=== EXCERPTED DATA ===
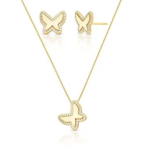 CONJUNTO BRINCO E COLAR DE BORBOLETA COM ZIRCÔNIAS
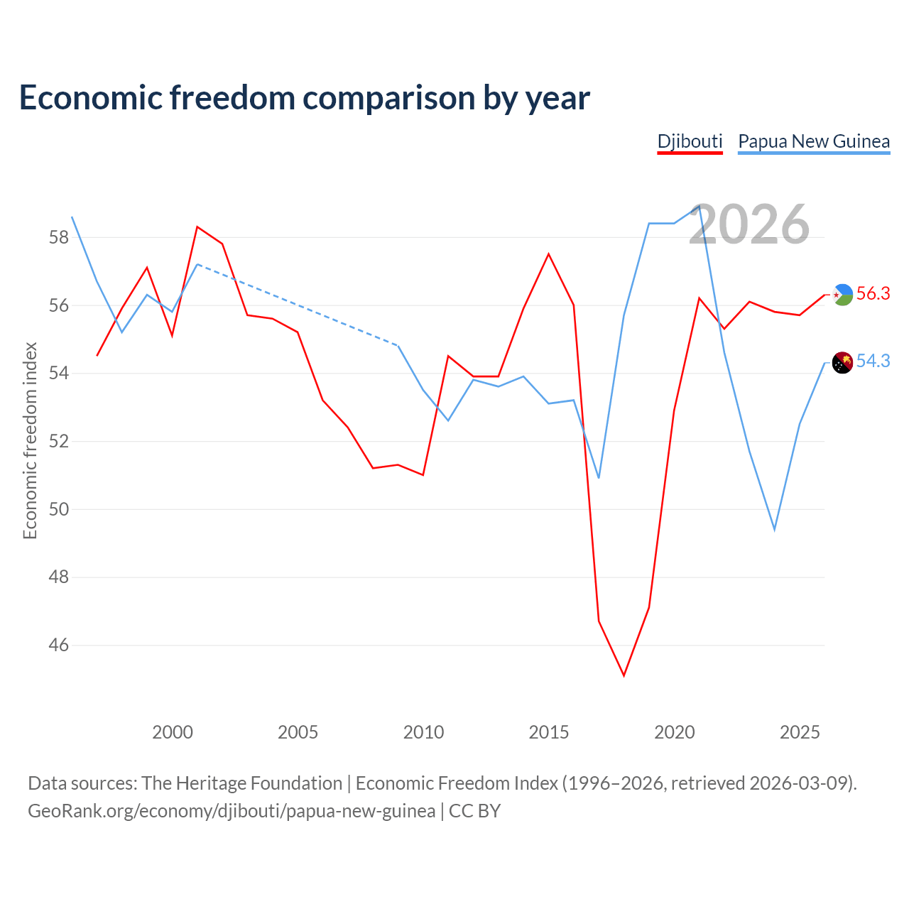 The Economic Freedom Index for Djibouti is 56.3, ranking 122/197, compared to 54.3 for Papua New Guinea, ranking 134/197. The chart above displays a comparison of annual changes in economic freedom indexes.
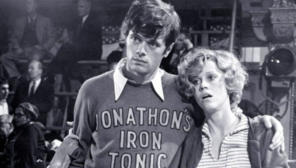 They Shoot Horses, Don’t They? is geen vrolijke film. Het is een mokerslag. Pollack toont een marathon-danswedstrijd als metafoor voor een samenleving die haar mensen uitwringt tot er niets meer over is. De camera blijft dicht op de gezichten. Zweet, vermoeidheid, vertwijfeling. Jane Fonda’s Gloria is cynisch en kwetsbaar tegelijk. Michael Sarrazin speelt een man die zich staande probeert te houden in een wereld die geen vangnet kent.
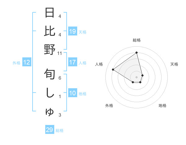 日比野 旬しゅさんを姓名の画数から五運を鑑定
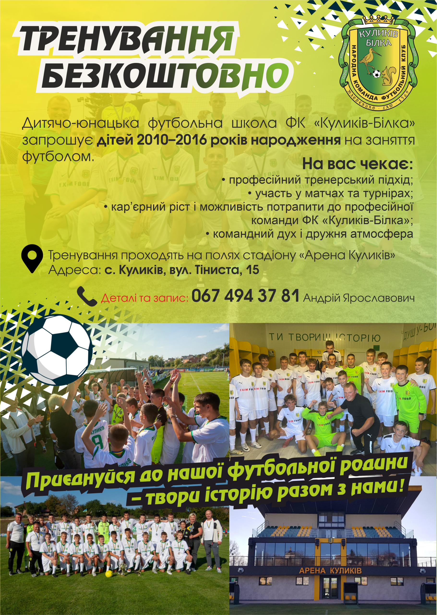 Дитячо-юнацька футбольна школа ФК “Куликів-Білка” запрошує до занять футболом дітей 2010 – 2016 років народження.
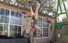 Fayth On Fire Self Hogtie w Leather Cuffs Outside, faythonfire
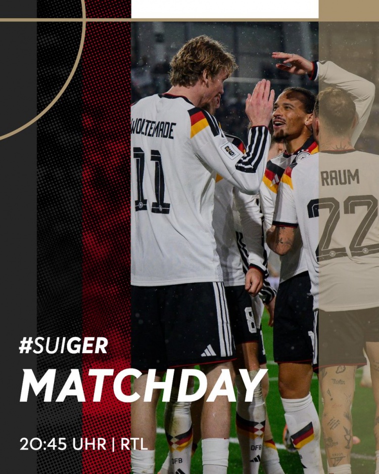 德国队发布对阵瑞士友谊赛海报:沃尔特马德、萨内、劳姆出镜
===
[PROBLEM TO WORK ON] Please transcribe all of the entries exactly and omit any picture they hold.

[OUTPUT OF THE TASK]
 CONJUNTO BRINCO E COLAR DE BORBOLETA COM ZIRCÔNIAS
 The Economic Freedom Index for Djibouti is 56.3, ranking 122/197, compared to 54.3 for Papua New Guinea, ranking 134/197. The chart above displays a comparison of annual changes in economic freedom indexes.
 They Shoot Horses, Don’t They? is geen vrolijke film. Het is een mokerslag. Pollack toont een marathon-danswedstrijd als metafoor voor een samenleving die haar mensen uitwringt tot er niets meer over is. De camera blijft dicht op de gezichten. Zweet, vermoeidheid, vertwijfeling. Jane Fonda’s Gloria is cynisch en kwetsbaar tegelijk. Michael Sarrazin speelt een man die zich staande probeert te houden in een wereld die geen vangnet kent.
 日比野 旬しゅさんを姓名の画数から五運を鑑定
 Дитячо-юнацька футбольна школа ФК “Куликів-Білка” запрошує до занять футболом дітей 2010 – 2016 років народження.
 Fayth On Fire Self Hogtie w Leather Cuffs Outside, faythonfire
 德国队发布对阵瑞士友谊赛海报:沃尔特马德、萨内、劳姆出镜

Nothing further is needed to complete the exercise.